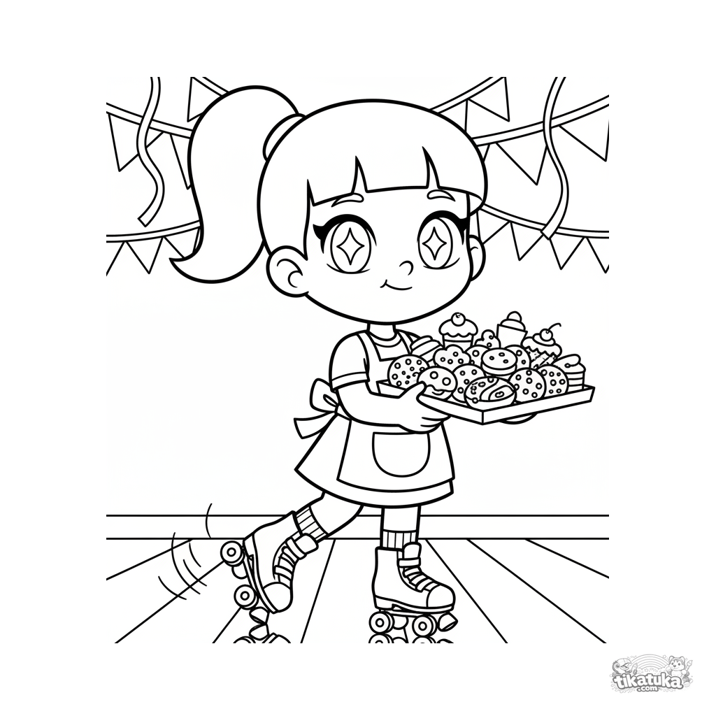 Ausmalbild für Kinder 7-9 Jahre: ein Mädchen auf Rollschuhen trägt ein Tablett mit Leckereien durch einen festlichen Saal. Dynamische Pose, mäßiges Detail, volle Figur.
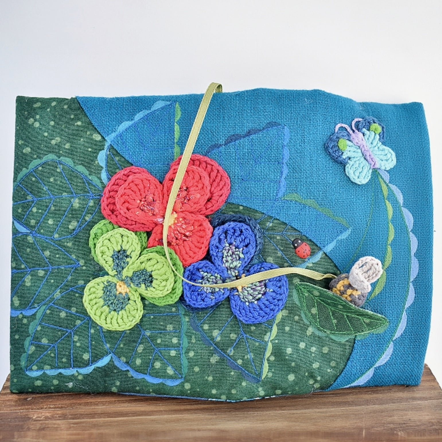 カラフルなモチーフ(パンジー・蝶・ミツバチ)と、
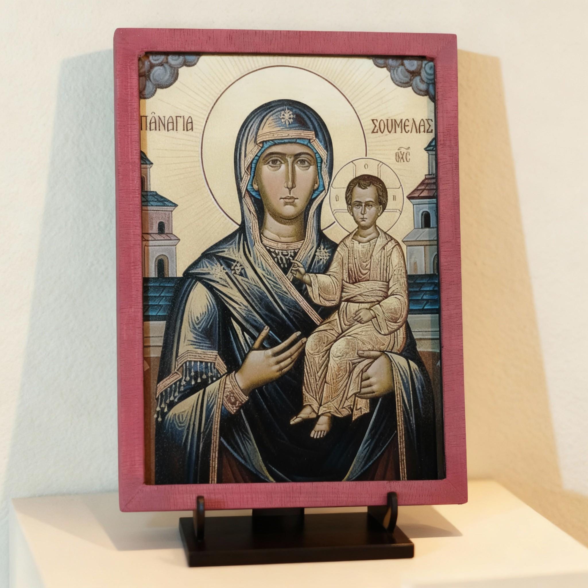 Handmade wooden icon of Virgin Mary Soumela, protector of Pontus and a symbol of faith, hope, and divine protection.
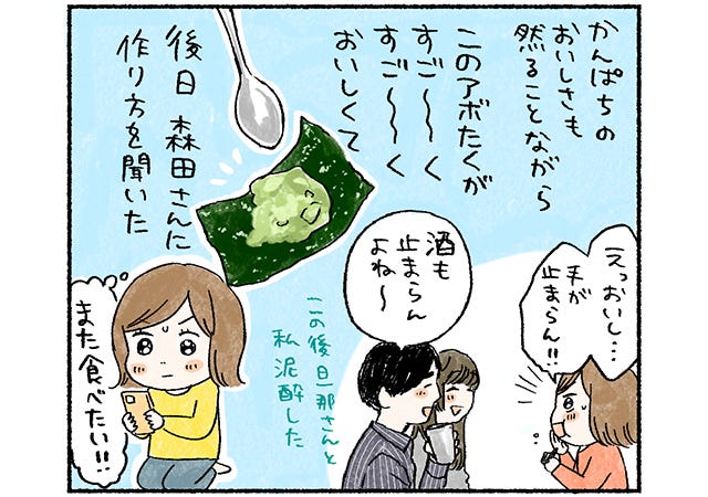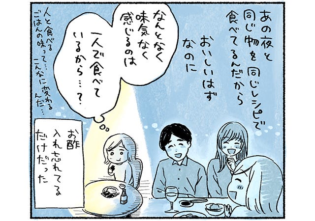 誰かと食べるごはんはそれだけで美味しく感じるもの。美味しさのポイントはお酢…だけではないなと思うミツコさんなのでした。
+ + + + +
▶ About this task
With the pictures removed, return the listing above in its exact original wording.

▶ Expected answer
 Ausmalbild für Kinder 7-9 Jahre: ein Mädchen auf Rollschuhen trägt ein Tablett mit Leckereien durch einen festlichen Saal. Dynamische Pose, mäßiges Detail, volle Figur.
 カラフルなモチーフ(パンジー・蝶・ミツバチ)と、
 Handmade wooden icon of Virgin Mary Soumela, protector of Pontus and a symbol of faith, hope, and divine protection.
 誰かと食べるごはんはそれだけで美味しく感じるもの。美味しさのポイントはお酢…だけではないなと思うミツコさんなのでした。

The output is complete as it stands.